So I played with the Allende Magic for a year.
I did, I think, to most people's ideas,
surprisingly well and started and ended up
with the interest of 17 teams.
I had a home in Scottsdale at the time.
That's where I stayed in the off-season
because it was just far away from where I played.
And I was getting these jerseys with my name on the back
sent from various teams.
I think I've still got the one from the Knicks
and I've got one from somewhere else.
And so this is incredibly flattering.
Feels great.
But I also remembered a year.
year almost exactly a year before I had been calling teams myself begging them to allow me to come to
their summer league team you just wanted a shot just will you let me come to your summer league team
I remember I never got to an executive of any consequence but I was just talking to random people in
the front offices people that my agent had names for and numbers four some were polite
few were warm yeah most were immensely transactional and
slightly confused by perhaps the audacity on one hand, but also on the kind of, if we don't know you,
you're no good, was definitely the implication.
Yeah.
So what was the name again?
Yeah, we don't know you.
You definitely know good.
If you were good, we'd know you.
Yeah, you wouldn't be calling.
Right?
We'd be calling you.
We'd be calling you, right?
And I remembered that in contrast, and Doc gave me an opportunity that I took full advantage of.
And I was fully aware that I was working for a business and a business that would have no
problem ejecting me the next year.

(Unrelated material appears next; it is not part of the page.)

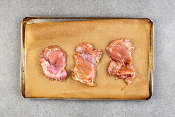 Den Backofen auf 220°C Umluft (240°C Ober-/Unterhitze) vorheizen. Das Fleisch trocken tupfen und auf einem mit Backpapier ausgelegten Backblech mit 1EL Pflanzenöl, der 1/2 der Gewürzmischung und je 1 Prise Salz und Pfeffer einreiben. Im Ofen 15–20Min. backen, bis das Fleisch knusprig und gar ist.
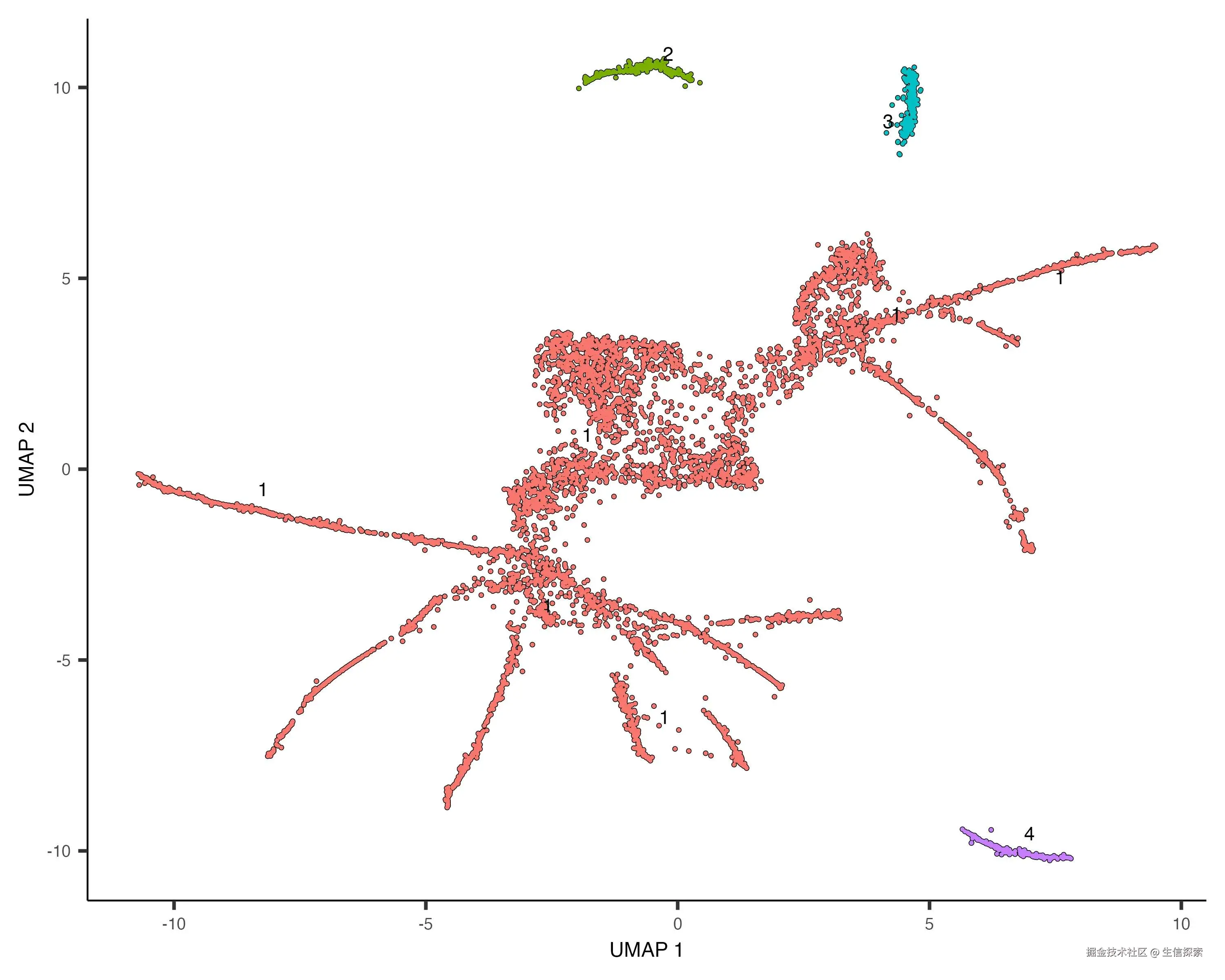 与聚类分析类似,使用cluster_cells()函数对细胞进行聚类。在轨迹分析中,每个细胞不仅被分配到一个聚类,还会被分配到一个分区(partition),每个分区最终会形成一个独立的轨迹。

But my mother told me a long time ago that you can't be a
part-time person of principle. In the context of me, you can't be a part-time man of principle.
And I say certain things are important. And it's not about loyalty because I don't really believe in
it as a thing. It feels a bit quid pro quo. But this was about me and what I thought was the thing
that was most resonant with who I am. And the thing that was most resonant was saying, I'm going
to take a ridiculously small in the context of the other opportunity amount of money to stay with
a team and more importantly stay with a coach that it gives me the opportunity in the first place
because that felt resonant with who I am. It felt like that was aligned with my principles.
And I knew that there was a good chance that their front office at the earliest opportunity,
whether it was Tim Duncan or some other bloke, would come along and kick me out of the team
so far and so fast. I knew that was a possibility. I did a deal. I did a time.
anyway and it really wasn't about anybody else than just me.
I knew it was a bad idea financially and I knew that...
How bad of an idea?
Oh, it's incredibly bad idea.
Anybody listening, if you're offered $17 million, you should take that money.
Unless it's for murdering.
You're offered $17 million to change to your organization, right?
Yeah, yeah, you should probably do that, especially if the figure that you were getting paid before was like $286,000.
Yeah.
You should probably go.
Yeah.
I would advise that for other people.
I also work with people in the most vulnerable moments who come to me because that usually recommended and they'll say, you know, I don't know how I can, if I can trust you and how much is your word worth.
Sure.
And there's very few people who can say, well, around $17 million is a starting point, right?
And so for me, it works really well because being centered around my principles is one of the reasons that people find me as polarizing as I know I am as a human being.
In the context of my work, people find me grounded and easy to trust.
And of course, it's not just about turning down large amounts of money that's offered to you.
It's about your relationship with money.
There's a great story about Marcus Aurelius during one of the worst crises that Rome ever faced.
This terrible plague, a plague known as the Antenine plague, had swept through the empire.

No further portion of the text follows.